### THE TASK
Take each line from the entries that holds "Neck" and copy it out.
(RECORDS FOR THE TASK)
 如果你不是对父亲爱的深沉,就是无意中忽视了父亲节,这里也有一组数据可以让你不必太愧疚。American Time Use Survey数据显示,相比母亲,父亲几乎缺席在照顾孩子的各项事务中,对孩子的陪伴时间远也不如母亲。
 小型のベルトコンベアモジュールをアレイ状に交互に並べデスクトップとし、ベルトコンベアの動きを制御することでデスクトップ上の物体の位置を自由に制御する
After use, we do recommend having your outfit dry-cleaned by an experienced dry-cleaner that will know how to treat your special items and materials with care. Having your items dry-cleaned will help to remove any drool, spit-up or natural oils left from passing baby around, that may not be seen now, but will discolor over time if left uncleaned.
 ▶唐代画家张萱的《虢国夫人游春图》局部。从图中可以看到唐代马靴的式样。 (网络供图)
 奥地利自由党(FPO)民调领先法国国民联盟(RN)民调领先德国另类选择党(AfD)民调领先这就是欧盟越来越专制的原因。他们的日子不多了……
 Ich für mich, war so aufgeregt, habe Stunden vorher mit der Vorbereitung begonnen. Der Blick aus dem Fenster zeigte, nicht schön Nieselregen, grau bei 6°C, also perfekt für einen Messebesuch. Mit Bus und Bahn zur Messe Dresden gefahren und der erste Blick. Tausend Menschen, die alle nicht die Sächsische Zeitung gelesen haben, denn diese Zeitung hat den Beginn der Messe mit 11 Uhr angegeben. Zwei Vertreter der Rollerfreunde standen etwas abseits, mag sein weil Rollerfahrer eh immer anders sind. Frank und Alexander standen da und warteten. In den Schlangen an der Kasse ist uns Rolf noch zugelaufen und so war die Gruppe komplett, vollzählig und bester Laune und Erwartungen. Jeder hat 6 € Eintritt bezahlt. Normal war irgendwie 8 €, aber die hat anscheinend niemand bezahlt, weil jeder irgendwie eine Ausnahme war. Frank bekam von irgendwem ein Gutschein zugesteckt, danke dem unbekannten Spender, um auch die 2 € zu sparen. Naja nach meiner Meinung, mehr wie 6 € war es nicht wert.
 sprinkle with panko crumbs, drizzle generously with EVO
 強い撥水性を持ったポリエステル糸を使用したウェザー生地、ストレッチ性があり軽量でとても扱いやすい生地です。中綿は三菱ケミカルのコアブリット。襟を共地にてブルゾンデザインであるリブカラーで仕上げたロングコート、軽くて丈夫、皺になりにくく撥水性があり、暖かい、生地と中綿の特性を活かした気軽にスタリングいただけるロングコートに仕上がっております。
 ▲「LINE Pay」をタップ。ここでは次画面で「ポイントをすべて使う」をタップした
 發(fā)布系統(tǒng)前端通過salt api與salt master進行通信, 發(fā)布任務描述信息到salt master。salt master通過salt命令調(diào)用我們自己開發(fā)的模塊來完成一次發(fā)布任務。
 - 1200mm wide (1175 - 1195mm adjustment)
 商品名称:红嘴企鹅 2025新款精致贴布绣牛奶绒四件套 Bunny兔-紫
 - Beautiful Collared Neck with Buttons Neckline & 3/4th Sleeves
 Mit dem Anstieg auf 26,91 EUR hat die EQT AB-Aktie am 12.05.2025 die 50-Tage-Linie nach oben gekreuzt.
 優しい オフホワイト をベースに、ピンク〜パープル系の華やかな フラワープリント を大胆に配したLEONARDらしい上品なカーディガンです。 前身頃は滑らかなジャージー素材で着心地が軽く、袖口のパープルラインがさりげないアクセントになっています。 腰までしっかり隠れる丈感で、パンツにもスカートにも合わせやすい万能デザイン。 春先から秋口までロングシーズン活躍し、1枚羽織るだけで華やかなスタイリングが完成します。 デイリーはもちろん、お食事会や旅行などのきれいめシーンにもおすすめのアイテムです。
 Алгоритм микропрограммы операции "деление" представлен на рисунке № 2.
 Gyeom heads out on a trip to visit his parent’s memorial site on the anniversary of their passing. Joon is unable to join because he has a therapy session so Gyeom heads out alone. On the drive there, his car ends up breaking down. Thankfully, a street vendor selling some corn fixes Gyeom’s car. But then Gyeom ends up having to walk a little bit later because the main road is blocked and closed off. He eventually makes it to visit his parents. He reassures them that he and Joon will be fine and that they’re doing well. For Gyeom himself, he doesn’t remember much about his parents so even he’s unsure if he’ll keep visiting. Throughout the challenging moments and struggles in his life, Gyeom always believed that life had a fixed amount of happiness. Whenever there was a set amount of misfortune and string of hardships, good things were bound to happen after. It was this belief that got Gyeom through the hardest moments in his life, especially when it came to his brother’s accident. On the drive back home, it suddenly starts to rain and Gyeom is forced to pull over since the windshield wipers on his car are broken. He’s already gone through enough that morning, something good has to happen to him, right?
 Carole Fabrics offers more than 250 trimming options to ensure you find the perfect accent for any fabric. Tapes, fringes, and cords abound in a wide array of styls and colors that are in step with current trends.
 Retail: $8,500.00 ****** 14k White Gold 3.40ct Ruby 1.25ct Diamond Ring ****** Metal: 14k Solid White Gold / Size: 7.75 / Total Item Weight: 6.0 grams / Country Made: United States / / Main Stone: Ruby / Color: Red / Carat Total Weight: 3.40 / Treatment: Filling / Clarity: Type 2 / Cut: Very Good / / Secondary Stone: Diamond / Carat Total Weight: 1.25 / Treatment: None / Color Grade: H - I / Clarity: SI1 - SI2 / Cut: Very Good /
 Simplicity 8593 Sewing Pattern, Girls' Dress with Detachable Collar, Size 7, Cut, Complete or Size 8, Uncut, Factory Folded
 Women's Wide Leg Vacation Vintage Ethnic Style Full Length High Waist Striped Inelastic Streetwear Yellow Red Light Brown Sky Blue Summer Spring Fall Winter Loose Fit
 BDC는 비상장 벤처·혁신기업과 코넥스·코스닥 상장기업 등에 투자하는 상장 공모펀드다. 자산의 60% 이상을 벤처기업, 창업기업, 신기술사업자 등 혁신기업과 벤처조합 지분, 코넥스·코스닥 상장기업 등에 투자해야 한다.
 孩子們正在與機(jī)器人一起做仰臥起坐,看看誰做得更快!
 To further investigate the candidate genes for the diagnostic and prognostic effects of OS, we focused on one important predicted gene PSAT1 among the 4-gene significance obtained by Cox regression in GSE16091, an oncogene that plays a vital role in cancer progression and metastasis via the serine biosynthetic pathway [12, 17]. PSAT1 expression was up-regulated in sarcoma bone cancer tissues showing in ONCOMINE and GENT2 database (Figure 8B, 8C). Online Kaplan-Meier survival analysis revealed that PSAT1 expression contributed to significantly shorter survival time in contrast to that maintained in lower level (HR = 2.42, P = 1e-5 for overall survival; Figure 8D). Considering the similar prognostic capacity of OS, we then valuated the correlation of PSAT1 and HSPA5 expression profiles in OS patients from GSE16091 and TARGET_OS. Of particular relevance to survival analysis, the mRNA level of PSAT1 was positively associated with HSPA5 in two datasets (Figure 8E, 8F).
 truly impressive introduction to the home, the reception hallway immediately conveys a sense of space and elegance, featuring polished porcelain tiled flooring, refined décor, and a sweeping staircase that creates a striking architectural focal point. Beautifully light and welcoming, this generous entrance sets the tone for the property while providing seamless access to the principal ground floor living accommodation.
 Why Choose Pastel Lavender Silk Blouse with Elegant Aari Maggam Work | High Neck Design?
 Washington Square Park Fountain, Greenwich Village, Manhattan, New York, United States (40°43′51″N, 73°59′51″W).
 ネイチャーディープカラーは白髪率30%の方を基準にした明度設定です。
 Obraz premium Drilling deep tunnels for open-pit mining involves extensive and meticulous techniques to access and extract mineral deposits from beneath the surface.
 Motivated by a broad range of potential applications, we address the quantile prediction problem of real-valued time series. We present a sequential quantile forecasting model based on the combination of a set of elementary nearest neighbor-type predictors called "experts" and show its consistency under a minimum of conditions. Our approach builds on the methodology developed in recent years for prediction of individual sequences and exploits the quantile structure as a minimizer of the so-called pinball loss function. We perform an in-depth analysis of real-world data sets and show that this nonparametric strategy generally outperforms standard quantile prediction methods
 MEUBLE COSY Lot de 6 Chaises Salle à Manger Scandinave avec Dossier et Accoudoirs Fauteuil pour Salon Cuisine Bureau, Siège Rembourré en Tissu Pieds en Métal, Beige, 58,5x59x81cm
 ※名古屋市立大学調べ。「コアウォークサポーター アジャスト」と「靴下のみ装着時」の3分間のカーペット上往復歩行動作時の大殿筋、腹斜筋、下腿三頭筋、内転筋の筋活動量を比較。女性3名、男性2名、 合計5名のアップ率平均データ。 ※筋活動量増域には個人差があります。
(End RECORDS FOR THE TASK)
### RESULT FOR THIS TASK
 - Beautiful Collared Neck with Buttons Neckline & 3/4th Sleeves
 Why Choose Pastel Lavender Silk Blouse with Elegant Aari Maggam Work | High Neck Design?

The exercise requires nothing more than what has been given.